AIM OF THE EXERCISE:
Print nothing but the lines below starting at the line that holds "Service de l'aligot au chaudron." and ending at the line that holds "New Kitchen Spoon", including both, each exactly as written.

AVAILABLE DATA:
|---|

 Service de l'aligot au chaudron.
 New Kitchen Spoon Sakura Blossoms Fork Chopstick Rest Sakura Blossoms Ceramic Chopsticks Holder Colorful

|---|

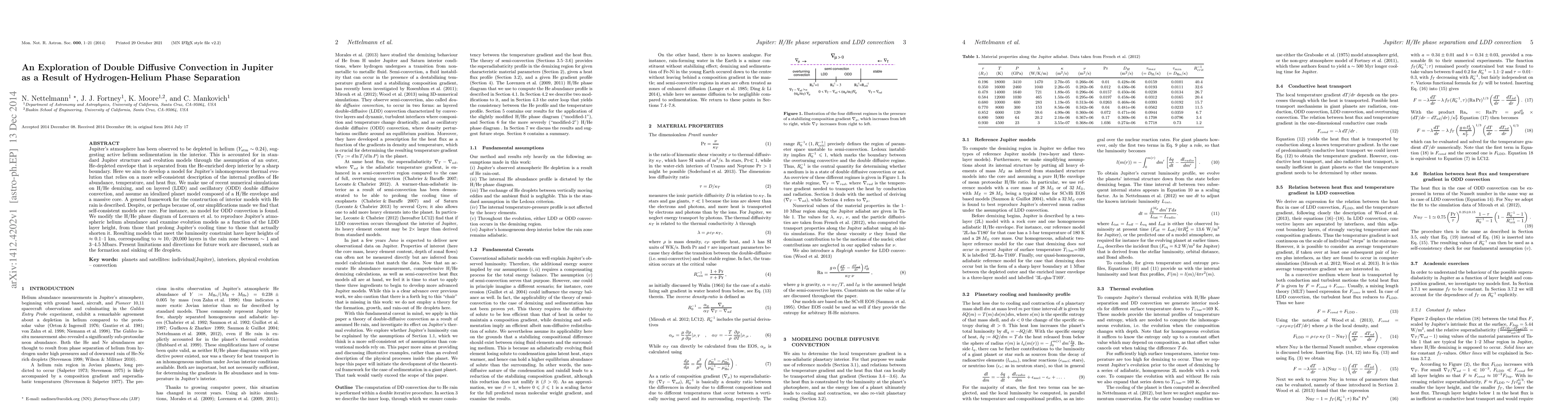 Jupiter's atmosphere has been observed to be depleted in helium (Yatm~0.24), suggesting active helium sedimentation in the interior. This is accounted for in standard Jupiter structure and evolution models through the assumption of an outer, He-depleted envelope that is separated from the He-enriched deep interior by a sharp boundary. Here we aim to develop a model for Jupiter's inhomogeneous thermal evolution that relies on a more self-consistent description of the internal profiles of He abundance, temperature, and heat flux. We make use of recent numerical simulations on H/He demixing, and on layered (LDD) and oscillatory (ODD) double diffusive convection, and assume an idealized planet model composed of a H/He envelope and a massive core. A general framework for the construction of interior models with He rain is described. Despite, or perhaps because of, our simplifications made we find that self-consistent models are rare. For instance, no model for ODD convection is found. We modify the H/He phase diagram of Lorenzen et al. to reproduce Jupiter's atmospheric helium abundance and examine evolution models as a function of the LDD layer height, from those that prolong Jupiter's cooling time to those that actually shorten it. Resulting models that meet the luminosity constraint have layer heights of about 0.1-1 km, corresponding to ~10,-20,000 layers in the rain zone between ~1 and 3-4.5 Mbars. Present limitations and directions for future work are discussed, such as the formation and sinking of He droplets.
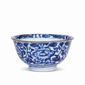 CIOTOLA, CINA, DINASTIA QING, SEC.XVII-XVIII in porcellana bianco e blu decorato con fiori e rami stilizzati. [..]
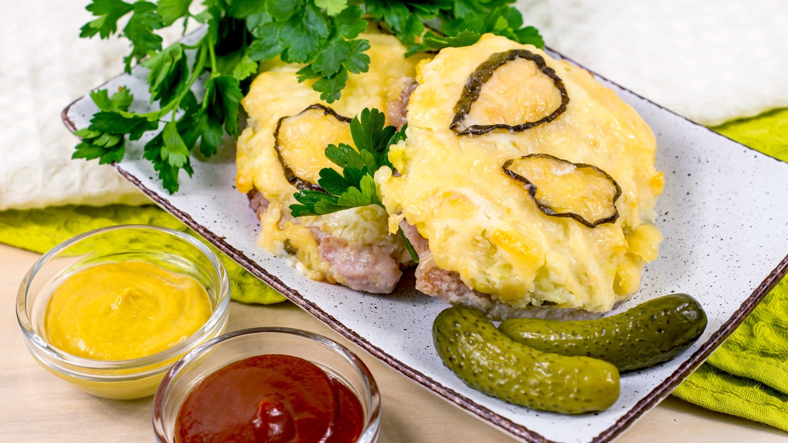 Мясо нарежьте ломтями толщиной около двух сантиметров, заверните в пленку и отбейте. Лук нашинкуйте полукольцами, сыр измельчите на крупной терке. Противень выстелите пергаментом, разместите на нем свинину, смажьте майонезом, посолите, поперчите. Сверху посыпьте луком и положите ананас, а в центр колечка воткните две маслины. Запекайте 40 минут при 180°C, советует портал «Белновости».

|---|

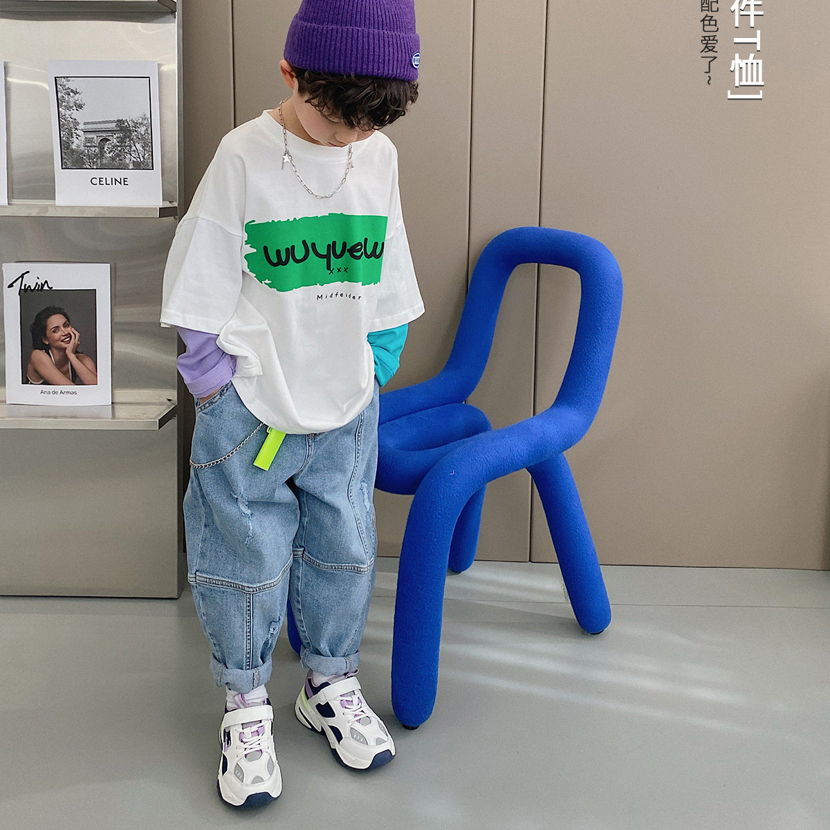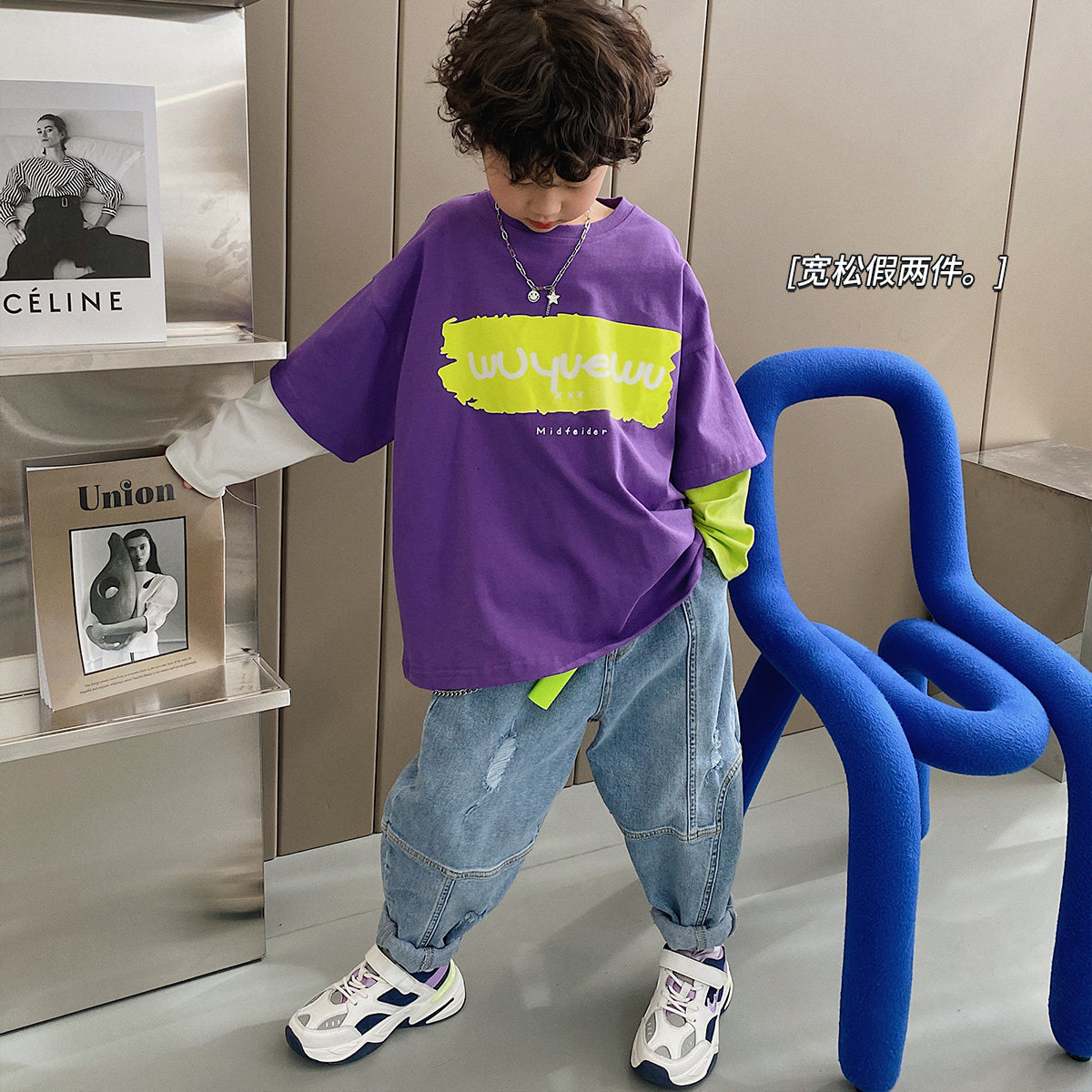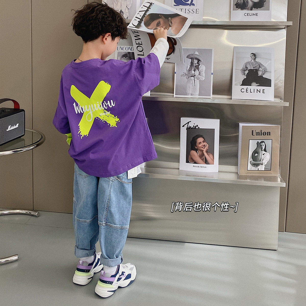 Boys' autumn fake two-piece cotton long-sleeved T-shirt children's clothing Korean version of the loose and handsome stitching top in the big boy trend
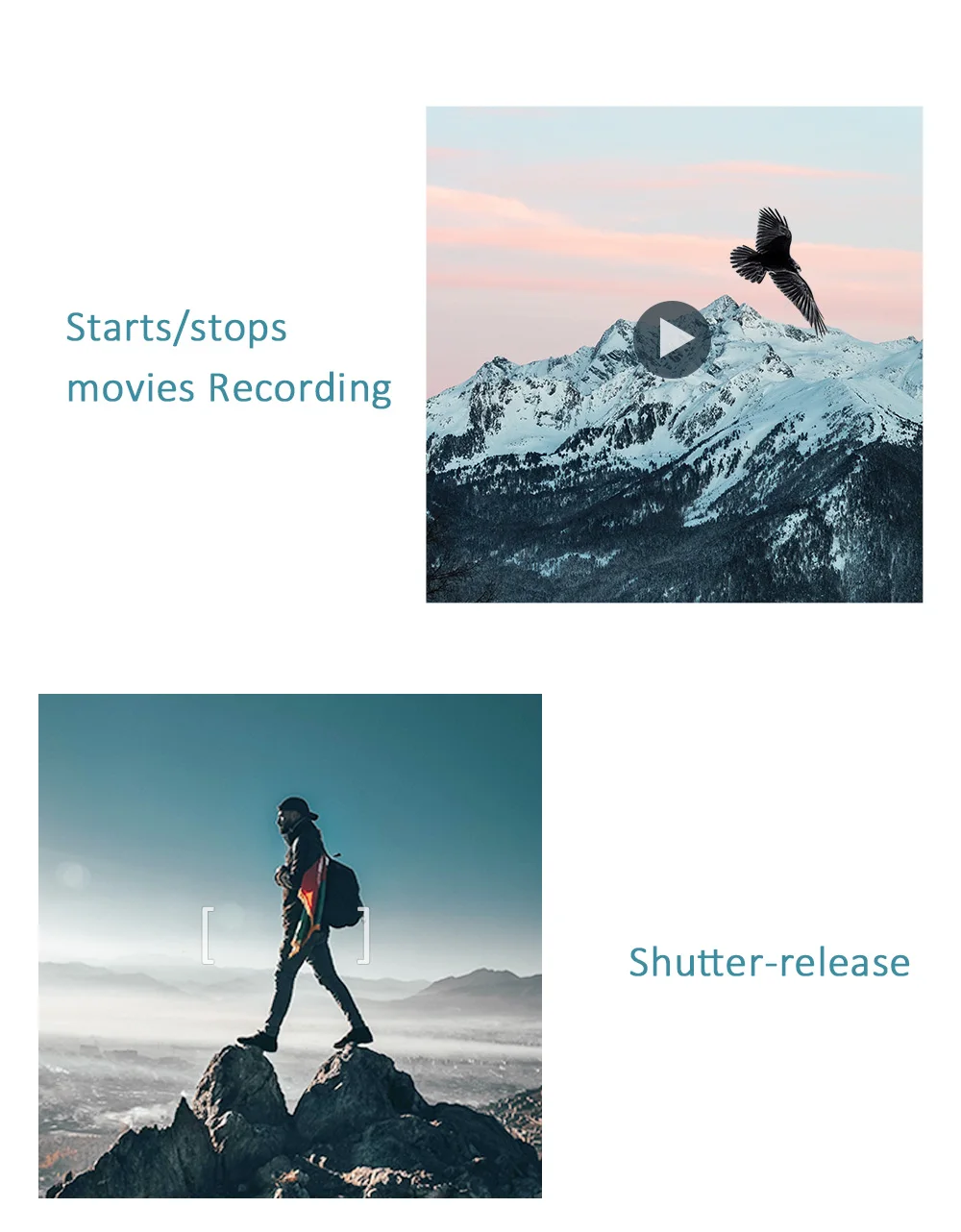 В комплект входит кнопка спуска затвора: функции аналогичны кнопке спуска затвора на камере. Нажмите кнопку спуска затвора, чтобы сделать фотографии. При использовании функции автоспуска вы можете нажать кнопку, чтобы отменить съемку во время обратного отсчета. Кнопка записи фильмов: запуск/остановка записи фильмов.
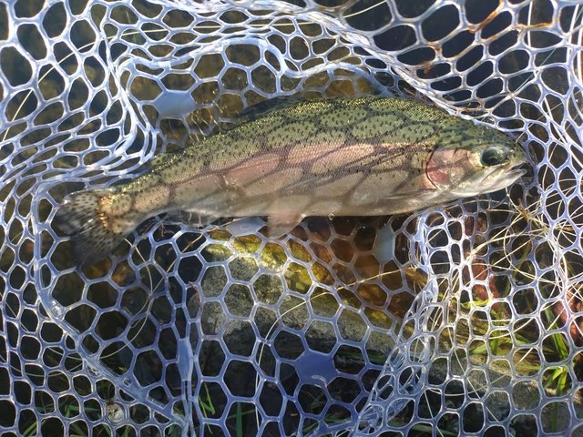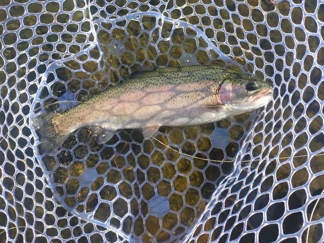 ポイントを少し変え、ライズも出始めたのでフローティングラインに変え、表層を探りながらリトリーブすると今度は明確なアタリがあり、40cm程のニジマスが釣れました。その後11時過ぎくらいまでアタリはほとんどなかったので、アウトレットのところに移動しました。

|---|

RESPONSE TO THE TASK:
 Service de l'aligot au chaudron.
 New Kitchen Spoon Sakura Blossoms Fork Chopstick Rest Sakura Blossoms Ceramic Chopsticks Holder Colorful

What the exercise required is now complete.